▶ **DIRECTIONS FOR THIS TASK**
Each line from the one holding "Мы используем гибридную" to the last line below must be restated word for word, and no picture may be included.

▶ **DATA SEGMENT**
======
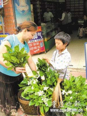 10點,小鳳迎來第三筆業務:一位中年婦女掏10元錢買走5把梔子花。小鳳緊緊攥著錢,激動地跳起來——這筆“生意”太輕松了,不僅銷量大,買主還沒討價還價。“我曉得這娃娃沒錢讀書來賣花的事,就是想照顧她。”買花的中年婦女說。
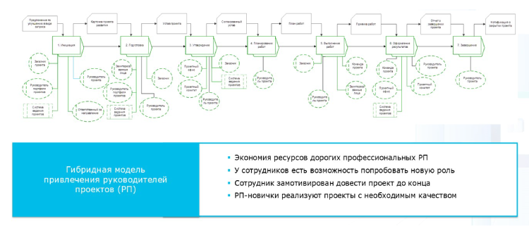 Мы используем гибридную модель, суть которой заключается в том, что, помимо привлечения руководителей проектов, участвовать в изменениях могут любые сотрудники, продвигая свои идеи. Для инициаторов проводятся обучения и курсы, способствующие развитию намеченной идеи и превращению ее в полноценный проект. Это мотивирует людей вкладываться в изменения.
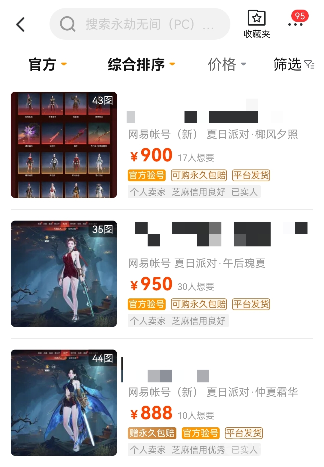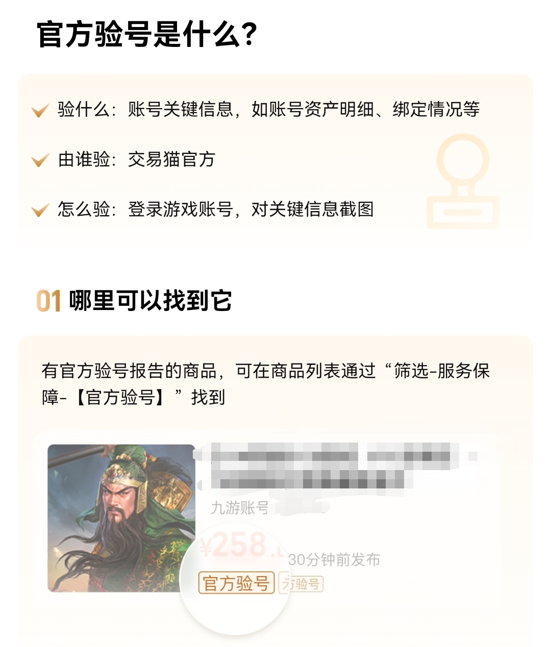 多數(shù)賬號(hào)已經(jīng)由官方預(yù)先驗(yàn)過(guò)賬號(hào)了(有“官方驗(yàn)號(hào)”標(biāo)識(shí)),驗(yàn)號(hào)截圖會(huì)在詳情頁(yè)中展示。小編建議大家買驗(yàn)過(guò)號(hào)的,以確保換綁給你的賬號(hào)就是賣家出售的這一個(gè)。部分商品還會(huì)贈(zèng)送服務(wù),比如永久包賠,賬號(hào)被找回,平臺(tái)全額退款,即使在交易完成后也有效。
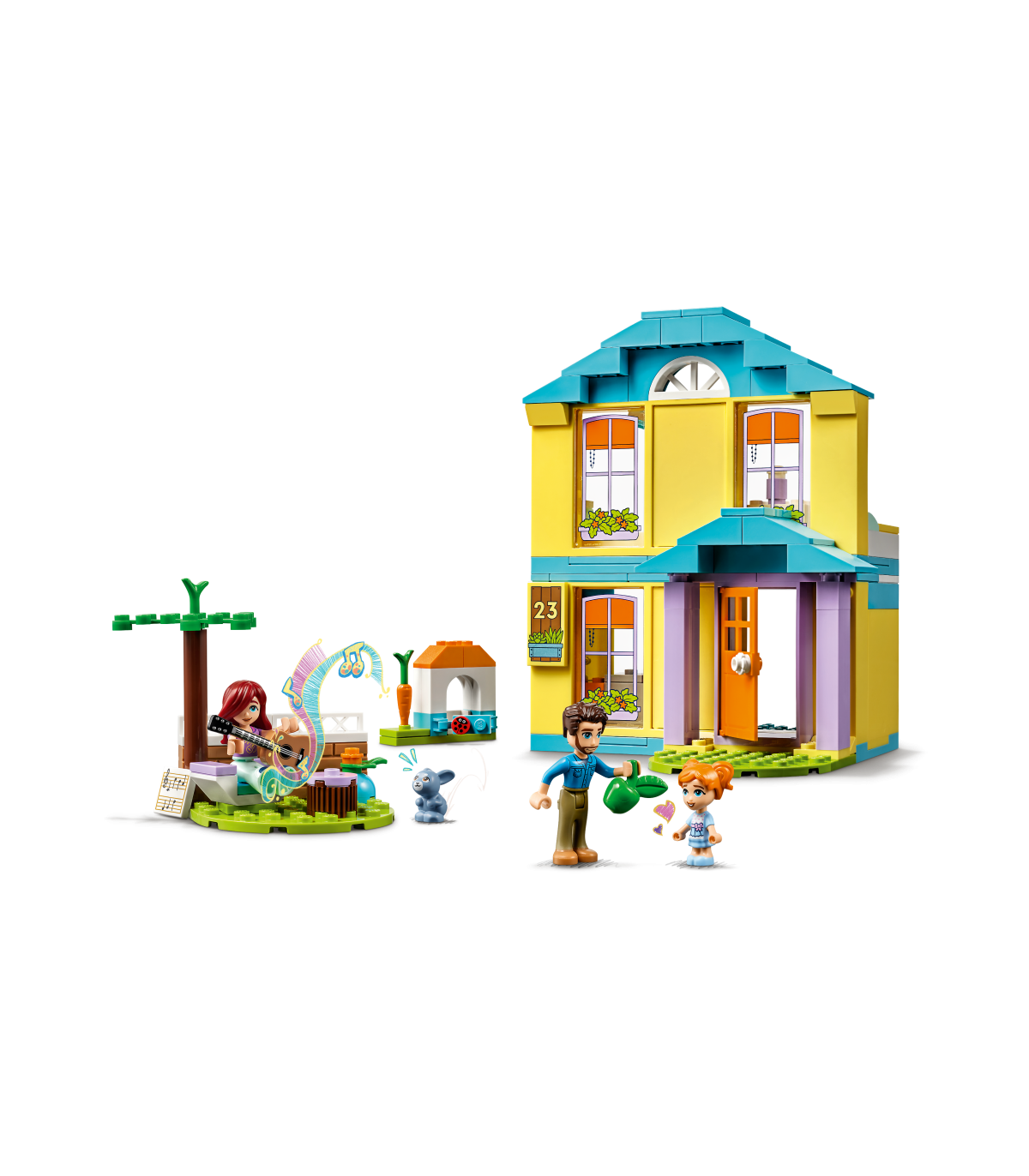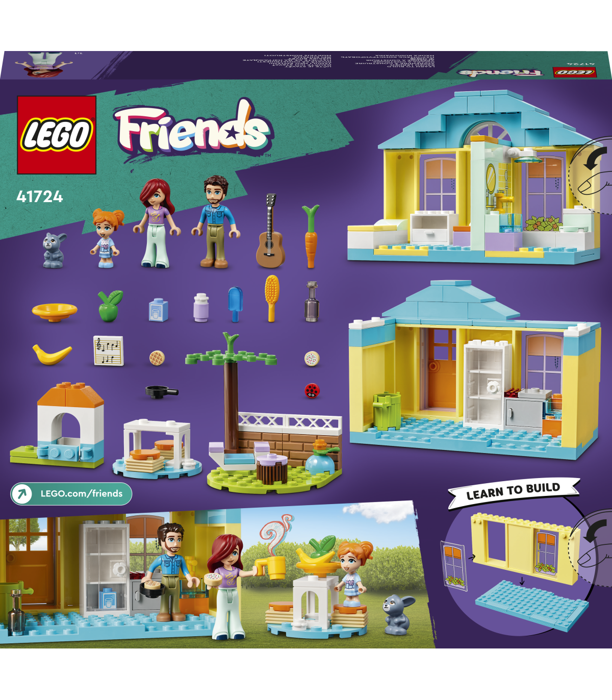 • Sõprusest pakatav maja – selles kahekorruselises LEGO® Friends majas on köök, magamistuba, vannituba, õues asuv söögiala, lisas hubane õuenurk, kus tagasihoidlikule Paisleyle meeldib puhata
======
▶ **EXERCISE RESPONSE**
 Мы используем гибридную модель, суть которой заключается в том, что, помимо привлечения руководителей проектов, участвовать в изменениях могут любые сотрудники, продвигая свои идеи. Для инициаторов проводятся обучения и курсы, способствующие развитию намеченной идеи и превращению ее в полноценный проект. Это мотивирует людей вкладываться в изменения.
 多數(shù)賬號(hào)已經(jīng)由官方預(yù)先驗(yàn)過(guò)賬號(hào)了(有“官方驗(yàn)號(hào)”標(biāo)識(shí)),驗(yàn)號(hào)截圖會(huì)在詳情頁(yè)中展示。小編建議大家買驗(yàn)過(guò)號(hào)的,以確保換綁給你的賬號(hào)就是賣家出售的這一個(gè)。部分商品還會(huì)贈(zèng)送服務(wù),比如永久包賠,賬號(hào)被找回,平臺(tái)全額退款,即使在交易完成后也有效。
 • Sõprusest pakatav maja – selles kahekorruselises LEGO® Friends majas on köök, magamistuba, vannituba, õues asuv söögiala, lisas hubane õuenurk, kus tagasihoidlikule Paisleyle meeldib puhata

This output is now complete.